Dave Morgan smiles when asked for advice to business technology professionals wanting to build a career in data.
He was the first to hold the latter post at the bank, where he was able to parlay his specialities in credit risk management, risk management infrastructure and modelling, and analytics that he honed at ANZ Bank, Barclays, and National Australia Bank.
He held the role at Kiwibank for five years and his responsibilities ranged from credit risk data and analytics, stress testing, capital adequacy, delivering materials capabilities and technology in data management, and building a multi-disciplined portfolio analytics team.

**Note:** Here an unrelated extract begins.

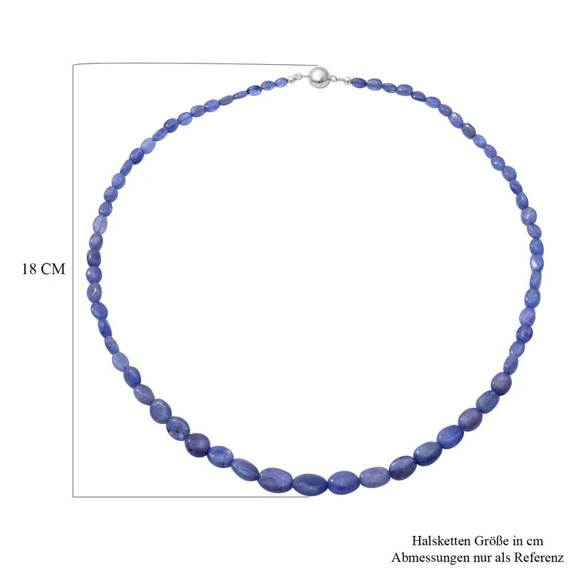 Tansanit Halskette, Ca. 50 Cm, 925 Silber Rhodiniert Ca. 125.00 Ct

We helped other areas in the bank, leading the charge on good data and analytics, so much so that the team is seen as the ‘go to’ people for the heavy and hard questions on analytics and data
Analytics, he says, has made the bank operate more efficiently, work smarter and grow in a manner it understands the underlying credit risk.
“We are pretty confident we are doing the right sort of lending to the right people and compared to the time to approve [loans] we used to run with, which was weeks.”
When we started the team up, the bank had a lending book half the size of the lending it has now, he says.
“It has doubled its lending in four or five years and there is no way you could have done that without the [analytics] kit we put in,” he says. “Because of that, I estimate we have probably allowed the bank to put an extra $2 billion of lending we wouldn’t have otherwise have done.''
He says after starting the analytics programme which now has 12 members, they built “a few more things as well”.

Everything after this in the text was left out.